- Ennadai Location Ennadai Ennadai (Canada)
- Coordinates: 61°08′N 100°53′W﻿ / ﻿61.133°N 100.883°W
- Country: Canada
- Territory: Nunavut
- Region: Kivalliq

= Ennadai =

Uninhabited community in Nunavut, Canada

Ennadai is a formerly populated place in the Kivalliq Region, Nunavut, Canada. Located on a peninsula that juts into northeastern Ennadai Lake, it faces an unnamed island. It is 280 mi northwest of Churchill, Manitoba and 227 mi west of Arviat. Ennadai and the surrounding area has been the traditional home of the Ahiarmiut (Ihalmiut), a Caribou Inuit band.

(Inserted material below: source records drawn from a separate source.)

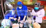 Dua petugas dari Dinas Kesehatan Provinsi Kalbar melakukan test diagnostik cepat atau rapid test COVID-19 terhadap warga di kawasan Pasar Seruni di Jalan Panglima Aim, Pontianak, Kalimantan Barat, Rabu (13/5/2020). Dari hasil rapid test yang digelar Dinas Kesehatan Provinsi Kalbar bersama Kesdam XII/Tanjungpura dan dijalani 158 warga setempat secara sukarela tersebut ditemukan satu warga yang reaktif (FOTO : Antara/Jessica Helena Wuysang)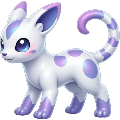 Flecked speckled oriental Hyper-realistic Shiny iridescent glossy oily smooth silky soft White with indigo-Violet-purple-pinkish-gradient markings beautiful handsome gorgeous aesthetic colorful vibrant Vernid-Trico-species-Fakemon-creature by LiLaiRa, 4 legs, 1 tail, random markings, (full body) emoji
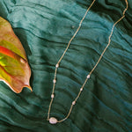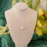 A simple necklace with hand-wrapped freshwater white pearls along a dainty 14K gold-filled chain.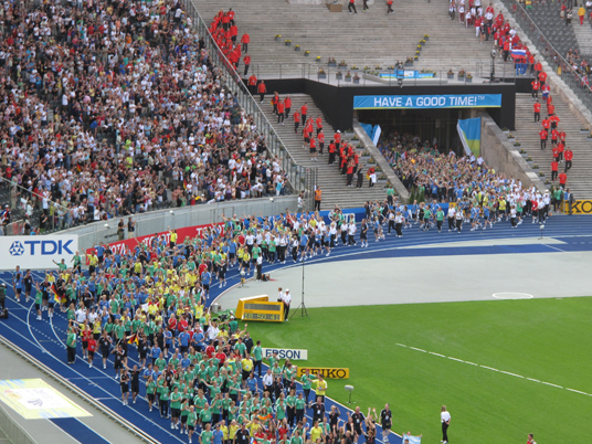Les 3000 volontaires rentrent dans le stade avec les athlètes allemands.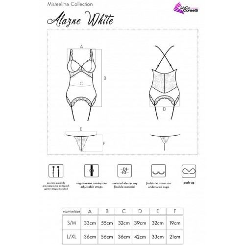 Нежный белый корсет с кружевными трусиками Alazne – это изящно выполненное эротическое белье, недвусмысленно намекающее на стремительное развитие интимной игры.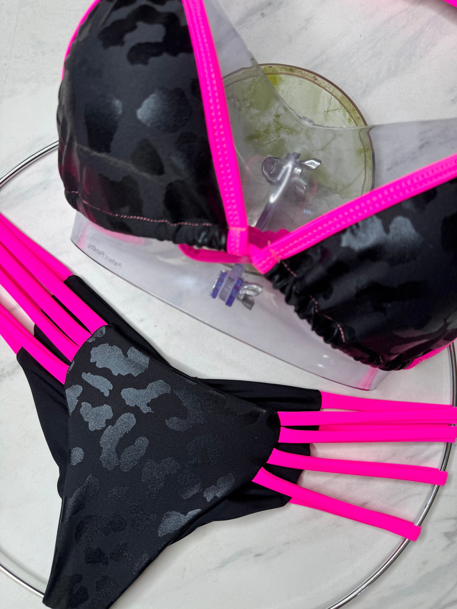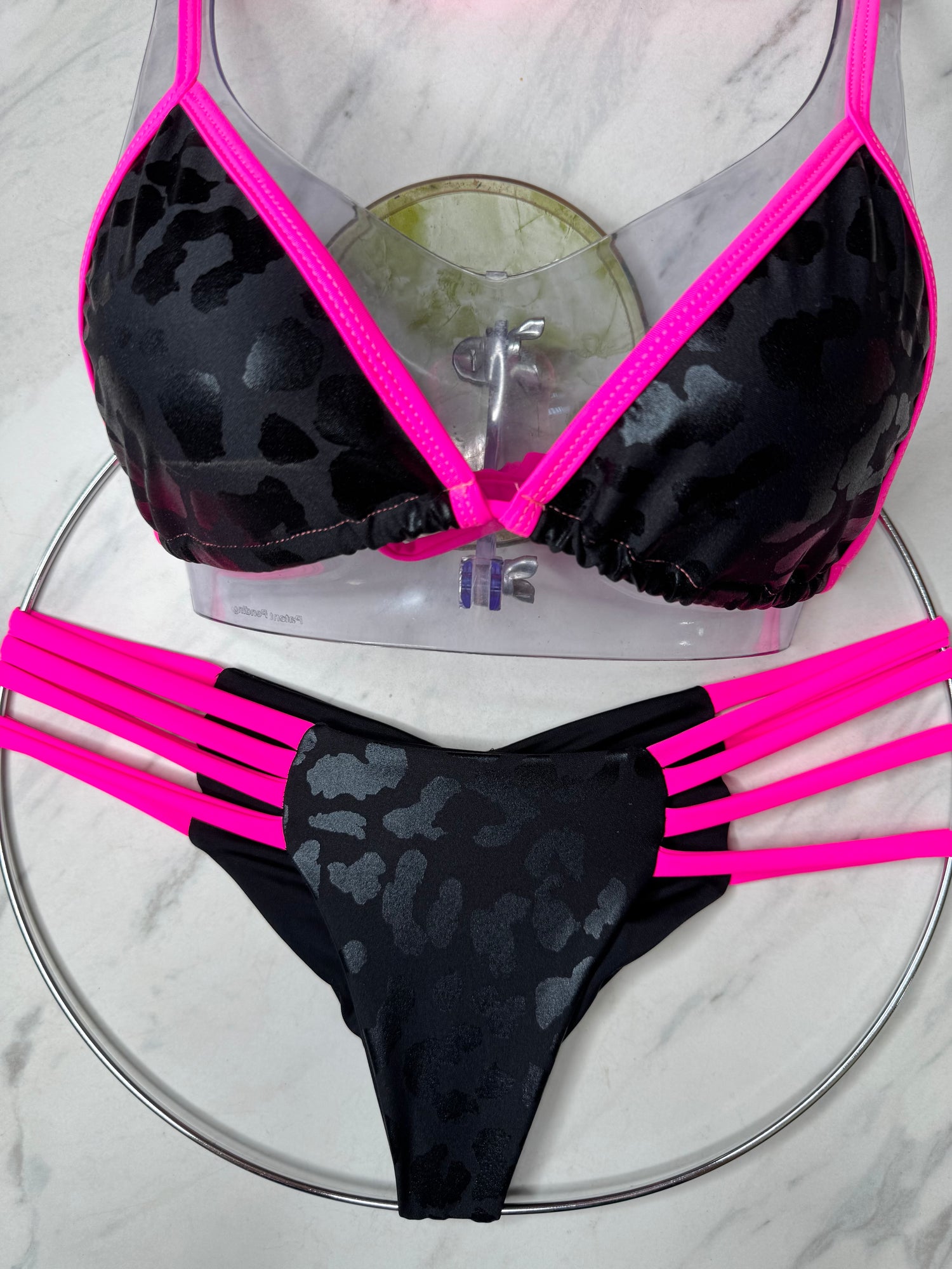 Unleash your wild side with the Noir Cheetah triangle top, featuring a striking black cheetah print elevated by vibrant neon pink trim that commands attention. Paired with our bestselling bottom and finished with seamless detailing throughout, this two-piece delivers the perfect balance of bold statement and refined comfort. Whether you're poolside or beachfront, this editorial-worthy set combines luxury aesthetics with everyday wearability—the ultimate piece for those who refuse to blend in.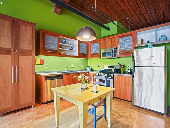 Come see this modern & spacious condo in the heart of the pearl, full of light & special touches. 13 ft ceilings, exposed beams, cork flooring, custom lighting &built-in features including sitting bench w/ shoe cabinet, key cabinet & more. A unique open floor plan loft blended w/ a private bedroom area & perfect for adding a second. One deeded parking spot next to a large storage unit w/ window. Enjoy four seasons in Forest Park, Powells, Art galleries, cafes, restaurants. An artists' Mecca!

The Ennadai Lake Meteorological Aeronautical Presentation System, a former weather station at this locale, consisted of four buildings. The Royal Canadian Corps of Signals operated a base, Ennadai Lake Radio Station, (VEJ) at Ennadai from the summer of 1949 until 18 September 1954 when it was turned over to the Department of Transportation. An INCO Exploration Camp existed at Ennadai at about the same time.

== Climate ==
Ennadai has a subarctic climate (Köppen climate classification Dfc).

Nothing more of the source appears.